Из детства
Удивительно устроена память: эпизоды из очень далёкого детства помнятся чётче и подробнее, чем события не таких давних лет. Вот и сегодня, как кадры старой кинохроники, всплыли они в памяти, погрузив меня в воспоминания.
Говорят, что дети в раннем возрасте не запоминают события - это не совсем так. Что-то, что потрясло детскую душу, помнится всю жизнь.
У меня был любимый дедушка Иван, который во всех моих детских радостях и огорчениях всегда был со мной, и очень многое, связанное с этим временем я помню до сих пор.

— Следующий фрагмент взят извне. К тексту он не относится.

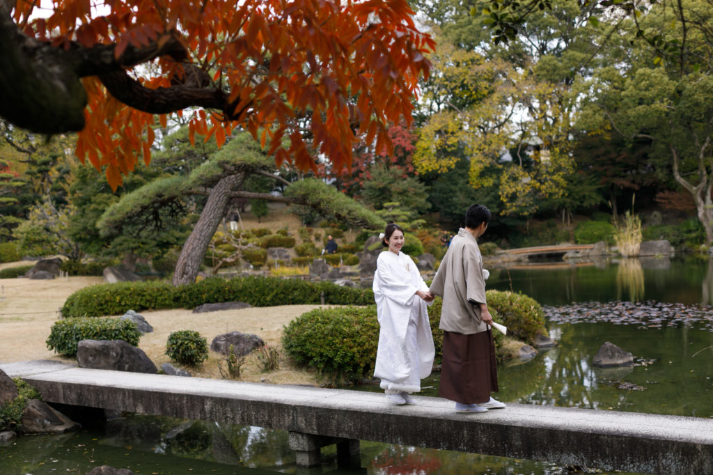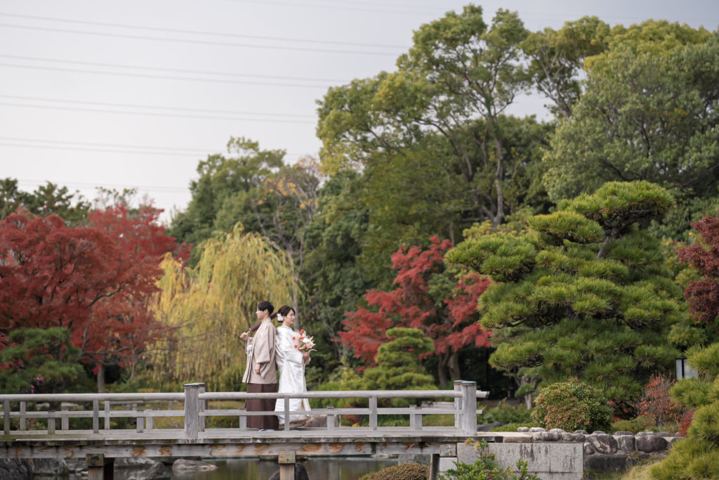 そんな歴史ある建物の敷地内にある日本庭園で、風情ある和装前撮りが楽しめます♪

Мои родители, дедушка, я и маленький братик жили тогда в деревне Заборье Глубокского района Полоцкой области ( сейчас область Витебская) в баньке, уцелевшей от пожара на самой окраине деревни. Дальше начиналось небольшое болото, а за ним стеной вставал лес. Прошло не так много времени после окончания Второй мировой войны и многое ещё напоминало о ней. В деревне многие люди жили в землянках, построено было только несколько домов. Дома тогда строили «толокой».
За деревней, с другой стороны, тоже был лес, где все деревенские заготавливали дрова для печей. Дедушка тоже заготавливал там дрова для нашей печки. Отец работал с раннего утра до позднего вечера на колхозном поле, мама оставалась дома с только что родившимся моим братиком, а мы с дедушкой уходили в лес.
Уходили... Мне было четыре года. Дедушка сажал меня к себе на хребет, и я «ехала» на нём, держась за его голову. Помню даже, какие мягкие, с красивой сединой были у дедушки волосы.
Лес находился всего в пол километре от нашего дома. Придя на место, дедушка опускал меня на землю на небольшой полянке, где были два пня от спиленных берёз, чтобы можно было посидеть, когда устану играть с разными букашками, цветами и красивыми листьями, а сам, находясь неподалёку, заготавливал дровишки. Дедушку я слушалась: никуда не уходила с полянки. Он находил и приносил в горсти ароматные, сладкие ягоды земляники для меня, или какой-то интересный сучок, похожий на птицу или человечка. Ягоды я съедала быстро, а потом мы сидели на пеньках и ели хлеб с луком и огурцом.
Как-то один раз я ослушалась дедушку и ушла с той полянки. На одном месте играть надоело, захотелось посмотреть, что там делает дедушка. Где-то за кустами слышен был стук топора. Я пошла на эти звуки, нашла ягодку земляники:
- Смотри, дедушка, я тоже нашла землянику! - обрадованно закричала я, но дедушка работал и меня не услышал.
Увидела бугорок под деревом, показавшийся мне мягкой кочкой. Я устала, хотелось спать - и я села на этот бугорок. И тут уже заверещала так, что дедушка бросил топор и прибежал в испуге ко мне. Оказалось, что я уселась на лесной муравейник! Муравьи тут же набросились на меня со всех сторон и начали кусать. До сих пор помню, как было страшно и больно, и непонятно, почему это происходит.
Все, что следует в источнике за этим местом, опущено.